Watching the Mice DANNCE

Over the past few years, the lab has been working on developing an imaging box, which takes multi-angle videos of mice in a box, observing their locomotion and other behavior. It provides a way for us to more accurately quantify the behavioral phenotype we often observe in mice due to our experiments. Just recently, the box was finished and put into use, and now it’s time to test and verify its efficacy.

When we look at mice behavior in the lab, we typically use an algorithm like 3-Dimensional Aligned Neural Network for Computational Ethology (DANNCE), which is more robust than traditional techniques because by using machine learning, it can create a virtual diagram of a mouse using points in space and analyze how those points move about over time.

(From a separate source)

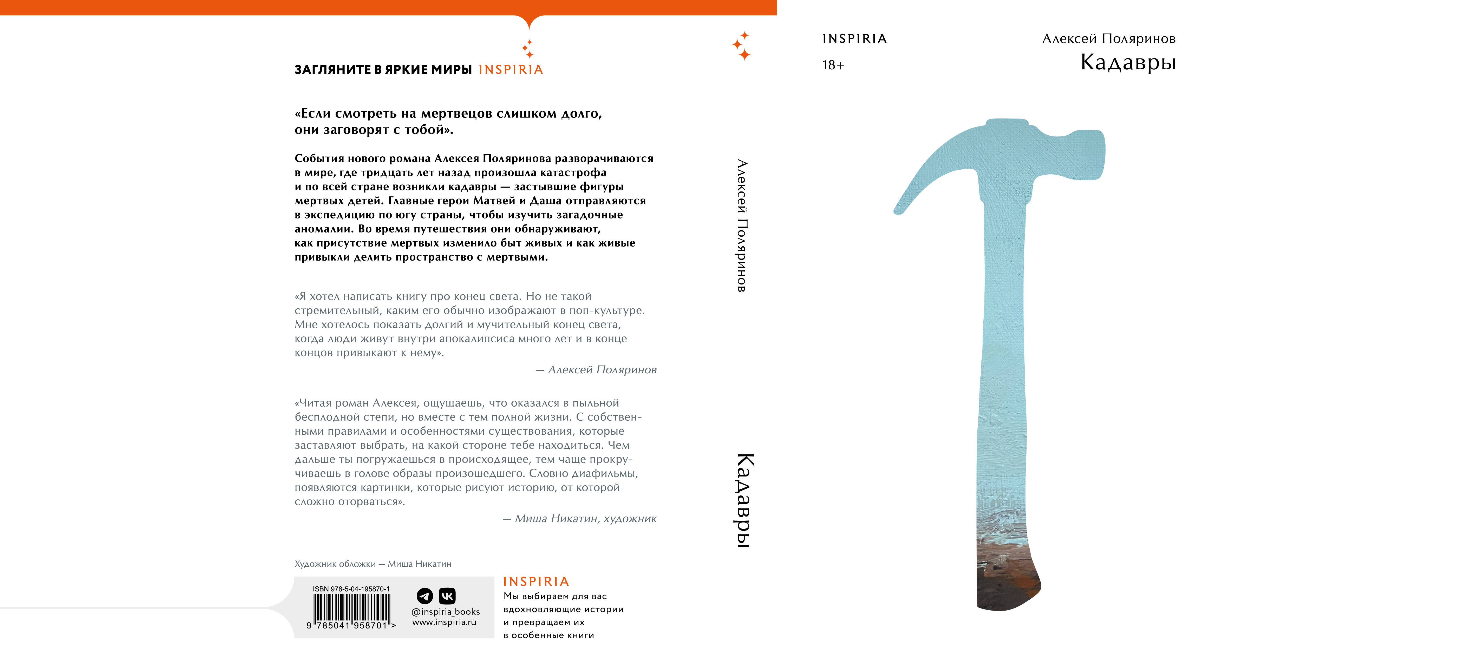 «Если смотреть на мертвецов слишком долго, они заговорят с тобой». События нового романа Алексея Поляринова разворачиваются в мире, где тридцать лет назад произошла катастрофа и по всей стране возникли кадавры - застывшие фигуры мертвых детей. Главные герои Матвей и Даша отправляются в экспедицию по югу страны, чтобы изучить загадочные аномалии. Во время путешествия они обнаруживают, как присутствие мертвых изменило быт живых и как живые привыкли делить пространство с мертвыми. «Я хотел написать книгу про конец света. Но не такой стремительный, каким его обычно изображают в поп-культуре. Мне хотелось показать долгий и мучительный конец света, когда люди живут внутри апокалипсиса много лет и в конце концов привыкают к нему». - Алексей Поляринов «Читая роман Алексея, ощущаешь, что оказался в пыльной бесплодной степи, но вместе с тем полной жизни. С собственными правилами и особенностями существования, которые заставляют выбрать - на какой стороне тебе находиться. Чем дальше ты погружаешься в происходящее, тем чаще прокручиваешь в голове образы произошедшего. Словно диафильмы, появляются картинки, которые рисуют историю, от которой сложно оторваться». - Миша Никатин, художник| Издательство | ООО "Издательство "Эксмо" |

DANCCE Algorithm at Work from Dunn, T.W., Marshall, J.D., Severson, K.S. et al. Geometric deep learning enables 3D kinematic profiling across species and environments. Nat Methods 18, 564–573 (2021).

This gives us a more refined way to quantify mouse behaviors like grooming and turning associated with Parkinson’s disease, the lab’s ultimate focus.

Our experiment consists of testing two variables, drug dosage and the circadian rhythm, on mice behavior, locomotion specifically. By using a technique called Principal Component Analysis, we will take the data of mice moving in 3-dimensions and compress it onto a single image from which we can see differences in mice locomotion. With further analysis, we hope to be able to show that our box does indeed pick up on the differences, no matter how subtle, between mice behaviors in a quantitative and informative way.